No if you apply from 9th July onwards. Can you do overtime to enhance your income (though you have to be earning the higher amount for 6 months prior to applying)? Or as stated, can't you apply before 9th July? The visa can be post dated by 3 month, so you don't have to get married till later in the year.


----------



## brit2012 (Jun 30, 2012)

hi 

thanks for your reply. i am wanting to marry abroad my fiance that mean i need to earn more then the 18600 pa or do i need to have the full amount of money on my account as u can see i dont have it right now if i got 2 jobs is that will help


----------



## 2farapart (Aug 18, 2011)

If you're successful in getting another salaried job in addition to your current job, you'll need to earn the needed amount consistently for six months before you can apply. This is the same no matter whether you marry in the UK or abroad.

As well as salaried income, there are other sources of income that can also be considered though some of these require you to demonstrate that you've been in receipt of them for up to 12 months. For a full picture of how you can fund your fiancé, download and read the Statement Of Changes (starting page 39) which sets out all the funding possibilities: http://www.ukba.homeoffice.gov.uk/sitecontent/documents/news/soi-fam-mig.pdf:



> 137.
> At each stage, an applicant will be able to meet the financial requirement through one or more of:
> 
> • Income from employment or self-employment of the sponsor (and/or the applicant if they are in the UK with permission to work).
> ...


----------



## brit2012 (Jun 30, 2012)

Thanks I got 5000£ and 2000£ investment do I need to work to get 11000 to meet the finance required for my wife to apply? Leave to enter


----------



## WestCoastCanadianGirl (Mar 17, 2012)

brit2012 said:


> Thanks I got 5000£ and 2000£ investment do I need to work to get 11000 to meet the finance required for my wife to apply? Leave to enter


Are you able to apply before July 9? 

If you can apply before July 9 and are approved, you will have enough money, otherwise, you'll need more savings in the bank in order to appy.


----------



## brit2012 (Jun 30, 2012)

hi 

thanks for your reply. i cant apply for finace just applied for bc and i want to go home country to get married that will be after july i just wish now this rules to be canceled or delays till next year its not fair system


----------



## Akak (Sep 17, 2012)

I wanna show my wife's salary plus her fix bond savings account to reach the 18600 requirement. We are applying in October.

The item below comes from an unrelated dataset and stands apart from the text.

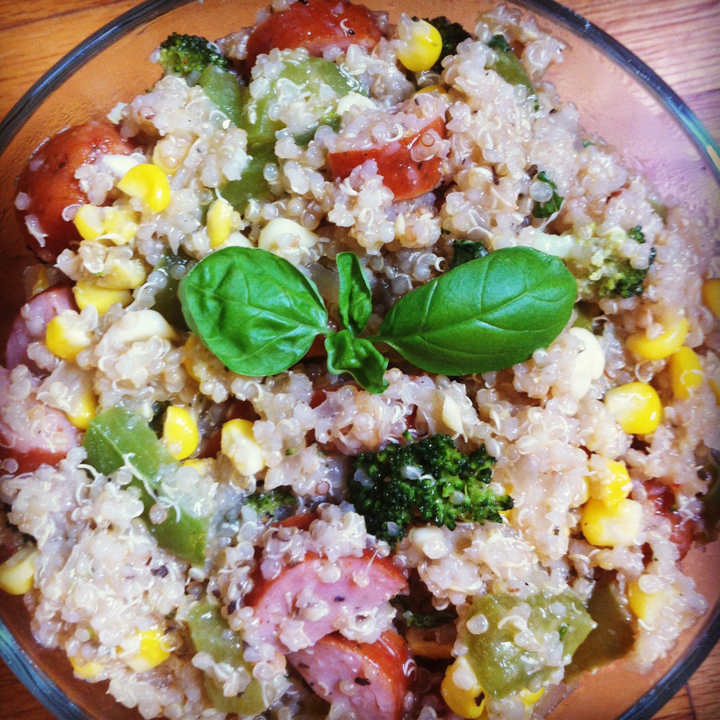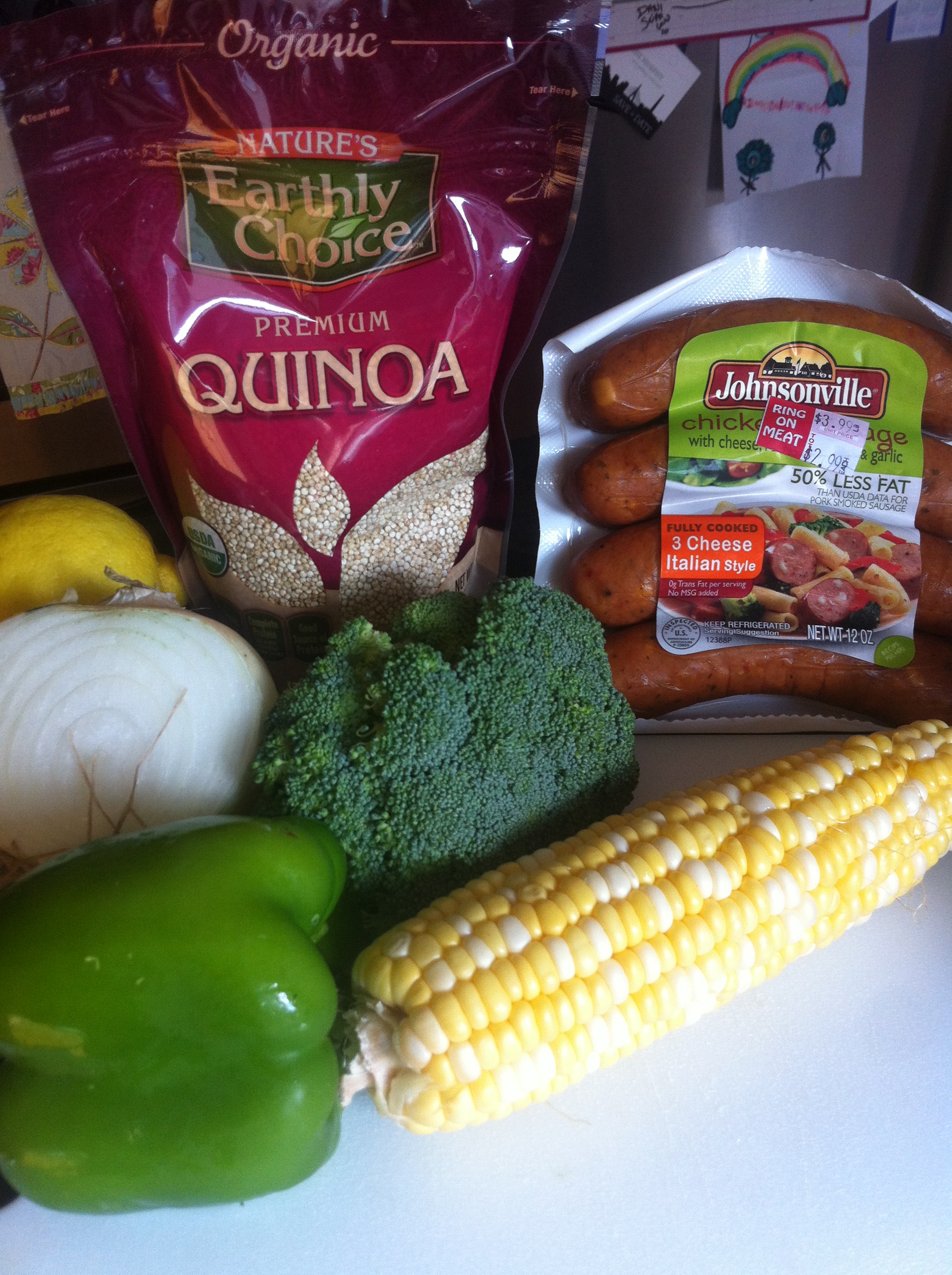 Hey there! After I made that delicious Caprese Orzo Salad, I knew that more summer salads were in my future, and boy was I right! This past weekend was another hot and humid one, so the last thing I wanted to do was turn on the oven and make a big, hot meal. Not only did I not want to cook that, I didn’t want to eat that; no need in raising the body temperature any more than it already was! I got another craving for chicken sausages, so I picked up a package at Market Basket along with some veggies and quinoa. I wasn’t sure if I wanted to do a pasta dish or quinoa dish, but the sale on quinoa made that decision very easy!
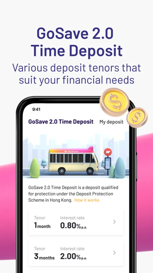 Not only do we provide you the security of a bank regulated by the Hong Kong Monetary Authority (BTW your money is protected under the Deposit Protection Scheme up to HKD500,000#), we also deliver a simple, intuitive experience centered around you - the way modern banking should be!

- Her Salary is 18000 but she has 20000+ in a fixed Rate bond Account which matures every three years. However we can close the account and get the money anytime we want (with some penalty). Can a fixed bond account be used as a cash savings account?? She receives the statement every year year for account for interest paid explanations. Is it fine?

- If I cant use the account as savings account, can I atleast use the interest earned (this year interest earned in February 2012 of 700 GBP) as income not from employment, so 18000 salary + 700 interest (income not from employment) = 18700, requirement fulfilled.

Please give your vaulable expert advice.

AKAK


----------



## mafu_0099 (Jan 24, 2013)

hi i have a question about the payslips that required for flr m application. i am going to attend in person at croydon on 12th feb and the job that my wife has it will be six months in 10th feb so i wont be able to produce last week payslip although she will be completed her 6 months of employment on 10th.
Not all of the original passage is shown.